== What to do ==
Take the data below and extract the lines from the one with "С полки свисало" to the one with "Alzata in bronzo", inclusive, exactly as written.
Exercise materials below:
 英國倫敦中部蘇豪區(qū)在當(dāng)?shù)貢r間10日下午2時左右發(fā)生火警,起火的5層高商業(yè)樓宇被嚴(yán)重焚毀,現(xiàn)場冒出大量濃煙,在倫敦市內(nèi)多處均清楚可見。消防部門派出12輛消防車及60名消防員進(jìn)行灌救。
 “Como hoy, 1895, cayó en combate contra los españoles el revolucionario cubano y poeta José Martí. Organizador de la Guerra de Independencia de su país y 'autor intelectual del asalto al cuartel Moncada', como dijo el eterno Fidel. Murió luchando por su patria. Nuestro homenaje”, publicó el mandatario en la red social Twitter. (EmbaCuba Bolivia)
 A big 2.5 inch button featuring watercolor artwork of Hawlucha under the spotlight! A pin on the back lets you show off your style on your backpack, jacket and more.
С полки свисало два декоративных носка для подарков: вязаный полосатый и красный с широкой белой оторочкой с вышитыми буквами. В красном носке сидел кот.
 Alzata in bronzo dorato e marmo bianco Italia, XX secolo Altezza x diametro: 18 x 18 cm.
End of Exercise materials.
Exercise materials below:
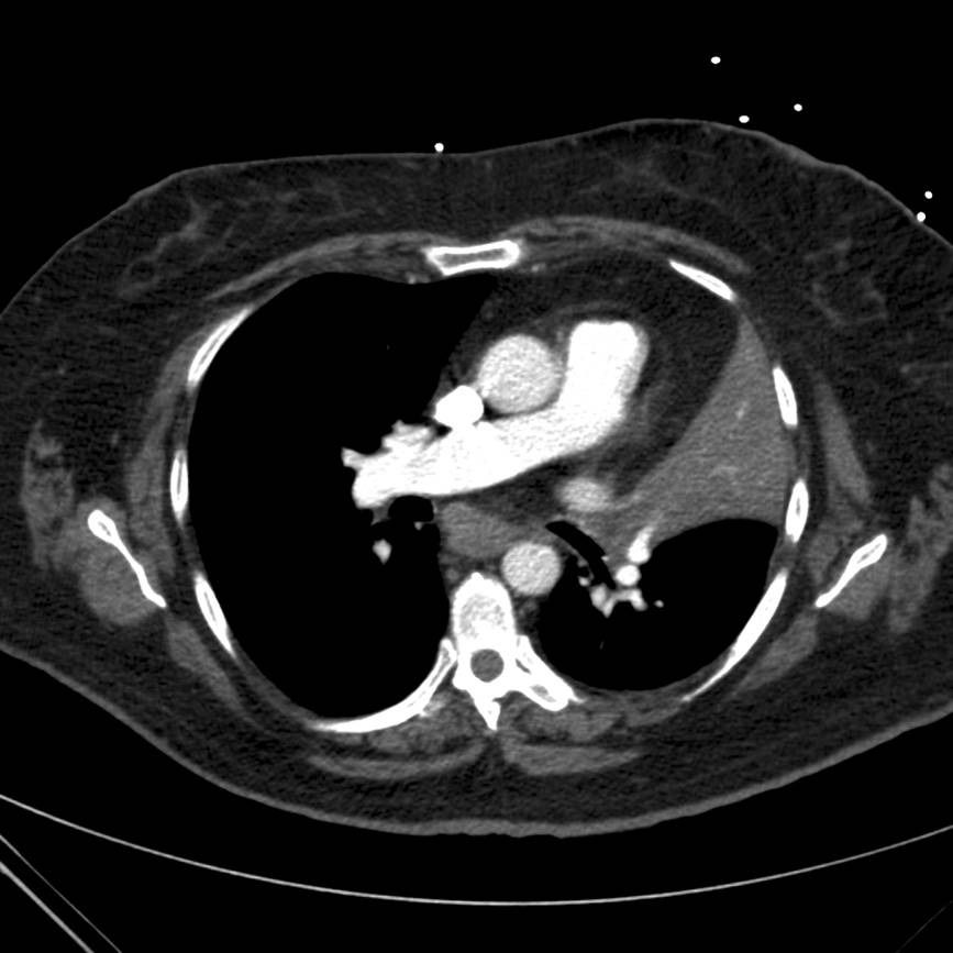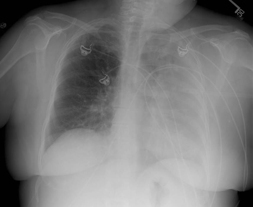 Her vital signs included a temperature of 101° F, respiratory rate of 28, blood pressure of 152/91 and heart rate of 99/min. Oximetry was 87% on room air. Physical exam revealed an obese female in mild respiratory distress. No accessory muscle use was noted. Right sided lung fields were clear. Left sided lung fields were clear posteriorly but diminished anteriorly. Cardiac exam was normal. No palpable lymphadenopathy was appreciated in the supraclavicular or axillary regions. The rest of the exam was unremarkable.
End of Exercise materials.
Exercise materials below:
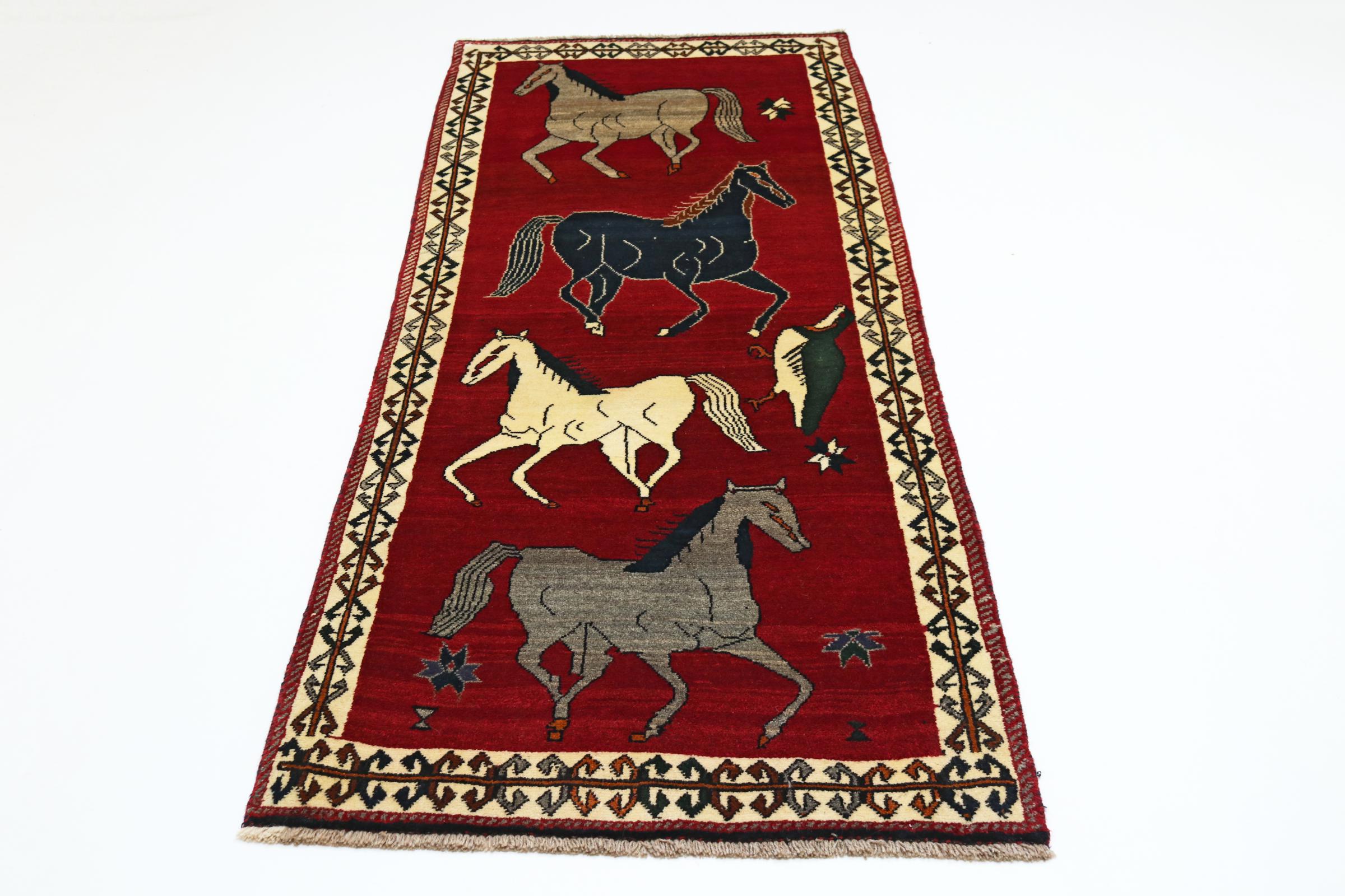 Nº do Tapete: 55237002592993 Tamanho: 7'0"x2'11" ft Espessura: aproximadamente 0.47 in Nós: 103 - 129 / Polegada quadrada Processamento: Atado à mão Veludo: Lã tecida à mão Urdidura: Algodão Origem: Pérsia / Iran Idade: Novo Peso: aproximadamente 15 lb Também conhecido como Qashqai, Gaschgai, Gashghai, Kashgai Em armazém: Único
End of Exercise materials.
== Answer to this task ==
С полки свисало два декоративных носка для подарков: вязаный полосатый и красный с широкой белой оторочкой с вышитыми буквами. В красном носке сидел кот.
 Alzata in bronzo dorato e marmo bianco Italia, XX secolo Altezza x diametro: 18 x 18 cm.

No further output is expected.